CHICAGO (AP) — The New York Mets placed infielder Jorge Polanco on the 10-day injured list on Saturday before dropping their 10th consecutive game, another small administrative move in a season already being dragged around by injuries, payroll pressure and a losing streak that keeps chewing through the roster. The move was made retroactive to Wednesday, and Polanco has a right wrist contusion.
Polanco, 32, is batting .179 (10 for 56) with a homer and two RBIs in his first season with New York. He signed a $40 million, two-year contract with the Mets in December, a reminder that even the richest clubs still end up managing bodies like inventory when the results go bad. The Mets’ opening day payroll is $352.2 million, tops in the majors, but the money has not stopped the slide.
Who Gets Managed
Manager Carlos Mendoza said, “Just having a hard time playing a complete game right now.” He also said, “I mean you can make a case,” when asked whether the losing streak could be taking a mental toll on the team, adding, “Especially when you’re going through a stretch like this, it’s hard, it’s hard. But nobody’s going to feel sorry for us. You got to keep going. We haven’t been playing good baseball. That’s the bottom line.”
That is the language of the dugout under pressure: keep going, no sympathy, no pause. Polanco’s injury is being folded into a larger collapse that the club’s hierarchy has to manage while the losses pile up. Mendoza said, “When doctors first took a look at him, it looked like he got hit by a pitch when he didn’t,” and added, “In talking to him, it was just a couple of swings that he took that night. ... He didn’t think much of it, but just got worse the following day.”

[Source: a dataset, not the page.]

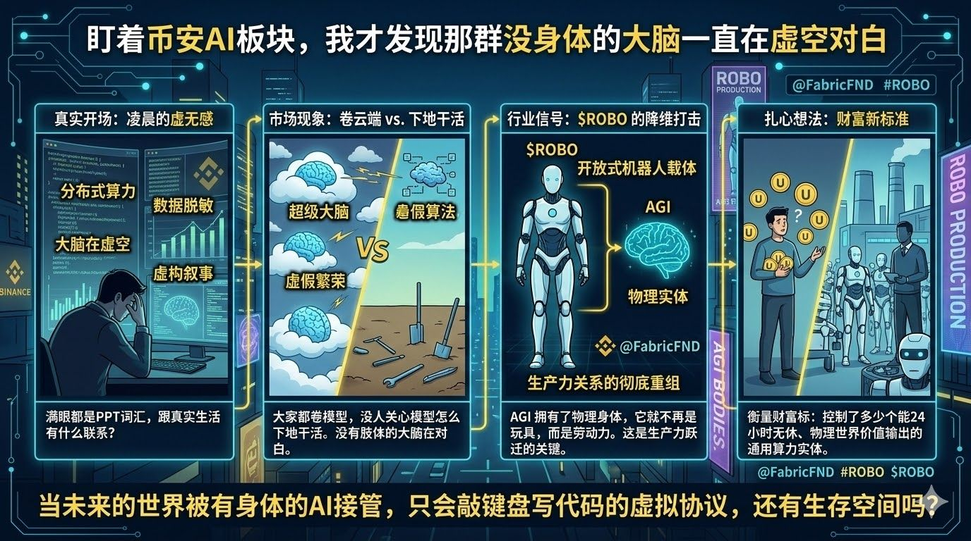 这几天凌晨,我几乎是机械性地在币安行情列表里上下滑动,满眼都是所谓的“分布式算力”、“数据脱敏”或者“去中心化训练”。说实话,看多了真的会有一种莫名的虚无感。这些项目像是在比赛谁的 PPT 词汇更高级,谁的逻辑更绕,但关上屏幕想一想,这些 AI 除了在云端烧钱、在网页里写点不痛不痒的废话,到底跟我们的真实生活有什么本质联系?

He said, “So you just got to let it calm down a little bit and then we’ll go from there. But we don’t have a timetable for how long this is going to last.” Mendoza also said Polanco had been dealing with an ankle issue and that, “He was trending in the right direction,” adding, “It’s definitely going to help, obviously now with him being shut down. But the biggest thing now is that we’ve got to take care of that wrist.”
The Cost of the Slide
New York’s 10th straight loss came on a 4-2 defeat to the Chicago Cubs after Brooks Raley surrendered Carson Kelly’s tiebreaking three-run homer in the sixth inning. The Mets are 7-14 and have been outscored 60-18 during the slide. It is the longest losing streak for New York since it dropped 11 in a row in 2004.
Only four teams have reached the postseason after going through a double-digit losing streak, including the Cleveland Guardians last year and the Los Angeles Dodgers in 2017. That is the reform trap in baseball form: the standings keep moving, the payroll keeps towering, and the club still has to claw out of a hole dug by the same structure that promised control through money and management.
The Mets have also been missing Juan Soto, who has been out since April 3 because of a strained right calf. The team has scored two or fewer runs in 11 of their 21 games, the highest such number for an NL team. The injuries and the scoring drought are landing on the players and the record, while the front office keeps the machinery running.
What the Front Office Moves
Mendoza got a vote of confidence from president of baseball operations David Stearns on Friday. The Mets also recalled catcher Hayden Senger from Triple-A Syracuse before their loss to the Cubs. The 29-year-old Senger is batting .257 with five homers and 11 RBIs in 12 games with Syracuse.
Senger’s arrival gives Mendoza more flexibility with how he uses his top two catchers, Francisco Alvarez and Luis Torrens. That is the club’s answer to the crisis: shuffle the pieces, call up another body, and keep the roster in motion while the losses keep coming. Polanco’s move to the injured list is just the latest sign of a team where the hierarchy is intact, even as the baseball falls apart around it.